Description
When enabling bounded iterators, it seems Clang cannot optimize them out of a ranged-for loop. Here's a simple function that just sums over a span with a ranged-for loop, sum1
, as well as a corresponding hand-written iterator loop, sum2
.
https://godbolt.org/z/WqsPKdEoa
The left output, without _LIBCPP_ABI_BOUNDED_ITERATORS
has no runtime checks, and Clang is even able to vectorize the loop. The right output, with _LIBCPP_ABI_BOUNDED_ITERATORS
contains runtime checks with, in turn, impede the optimization.
Cause
I teased apart what __bounded_iter
was doing.

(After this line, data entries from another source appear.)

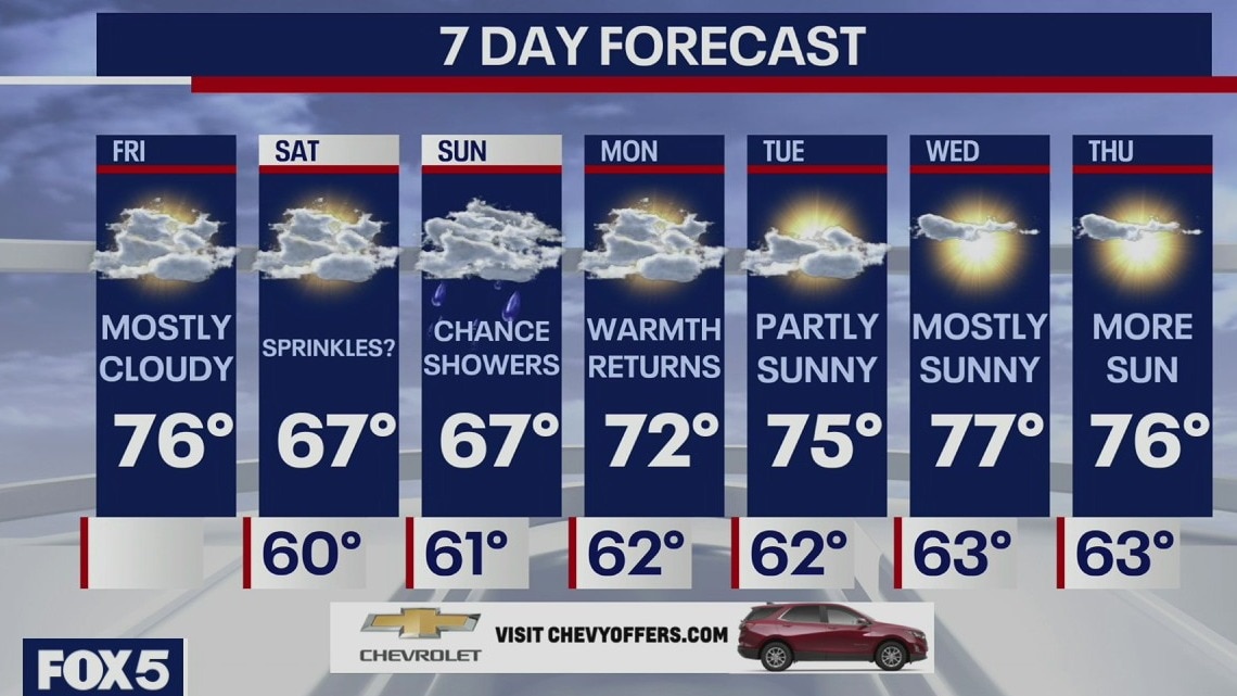 Expect lots of clouds with peaks of sun, too, with a high of 76.
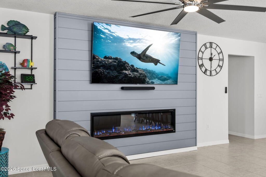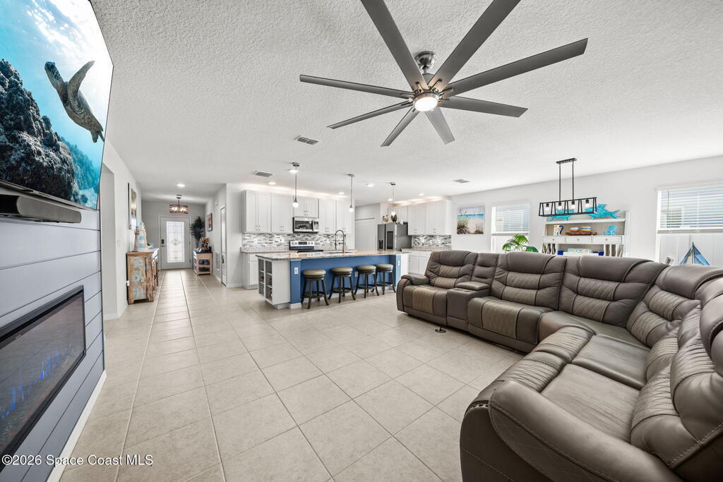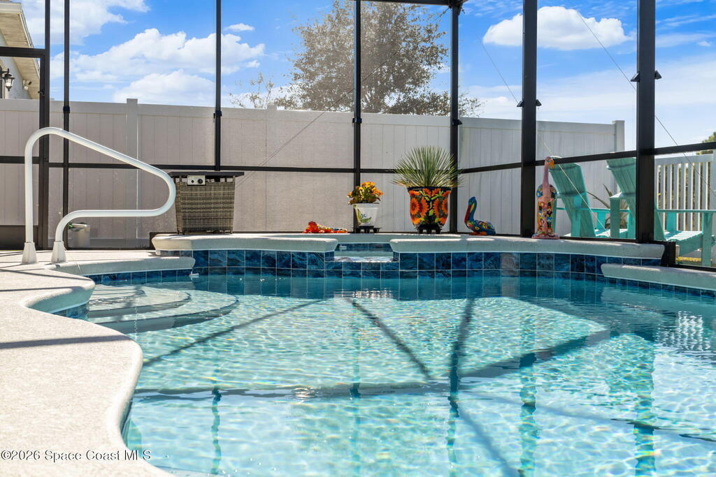 Move-in ready, with over $100,000 in upgrades! Built in 2021, this immaculate 3-bedroom, 2-bath home features a versatile office/den flex room- perfect for remote work, creative pursuits, or guests.Step outside to your own backyard oasis: a professionally landscaped and fenced backyard surrounds a screened-in, HEATED SALTWATER POOL & SPA. The expansive pool area is ideal for entertaining, relaxing, or enjoying Florida's beautiful weather year-round. Remote-controlled hurricane patio shade adds comfort and protection. Nestled on a premium lot with canal views and no direct rear neighbors, this home offers exceptional privacy & tranquility.Inside, the open concept living space features tile flooring throughout, professional interior paint, upgraded modern light fixtures, and blinds. The spacious great room boasts a custom TV and fireplace feature wall with an 80'' TV that conveys. The primary suite is generously sized, offering a custom walk-in closet and a spa-like ensuite bath.
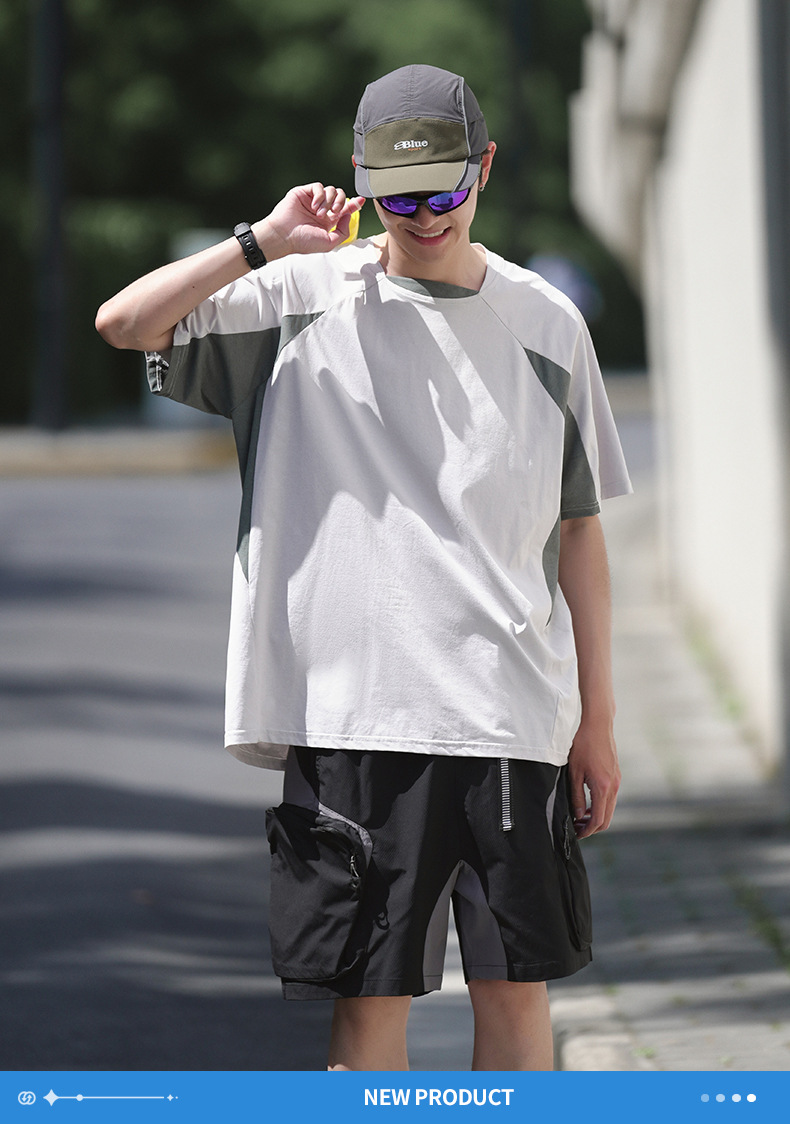 OOTD 국경 동남 아시아 반팔 남성 티셔츠 여름 컬러 매칭 올 매치 패셔너블 야외 하이 스트리트 루즈 캐주얼 빠른 건조스토어 가기
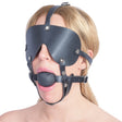 This blindfold head harness features a large 1 7/8" gag ball and durable PU leather construction, providing a restrictive yet comfortable fit for your BDSM play. The integrated blindfold adds an extra element of sensory deprivation, making it perfect for beginners or experienced kinksters alike.
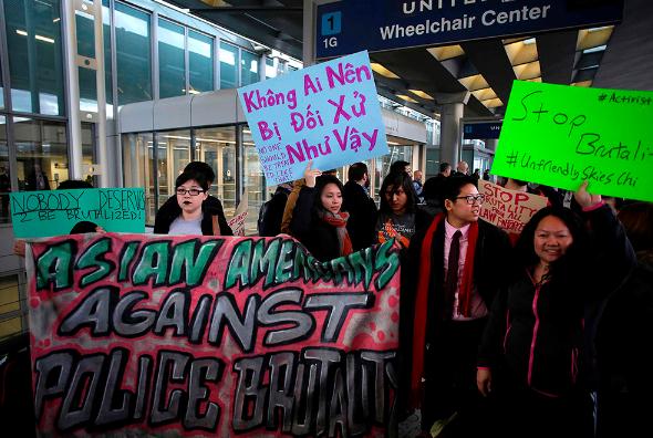 图:华人团体11日在芝加哥机场进行示威/法新社

This is the assertion in question:
// Return whether the given iterator is in the bounds of this __bounded_iter.
_LIBCPP_HIDE_FROM_ABI _LIBCPP_CONSTEXPR bool __in_bounds(_Iterator const& __iter) const {
return __iter >= __begin_ && __iter < __end_;
}
I've extracted that into a minimal sum3
function (same godbolt link), and that seems to reveal the problem. While Clang can prove that iter >= begin
, it can't prove that iter < end
. I suspect this is because iterator loops look like iter != end
, not iter < end
. In order to prove that iter < end
, it must also know that begin <= end
. Otherwise it's possible that iter
was ahead of end
to start with.
Indeed, if I add that assertion to the top, in sum4
(same godbolt again), Clang pays for a different undesirable runtime check outside the loop, but then figures it out! So fixing #78784 may have further benefits, if the analysis is extended further.
Alternative fix
Another way Clang could have figured it out is if we used iter != end
instead of iter < end
for the safety assertion. That's actually what Chromium's checked iterator does. However, libc++ cannot do this because it doesn't check operator+
, etc., only operator*
. It is possible for __current_
to overflow well past __end_
before we do the check.
I think libc++ should bounds-check operator+
too. First, once __current_
has advanced past __end_
, we may have already hit undefined behavior because pointer arithmetic is locked to the allocation. So the check in operator*
may be too late anyway. Second, #78771 describes a place where libc++'s memmove
specialization breaks its own hardening checks! Since memmove
specialization is pretty valuable, I think it's best to fix #78771 by bounds-checking operator+
and making sure the specialization takes triggers it early enough.
Now, once operator+
is bounds-checked, __bounded_iter
can rely on __begin_ <= __current_ <= __end_
. That means the safety check need only be __current_ != __end_
, which should be more easily optimized out.
(CC @danakj)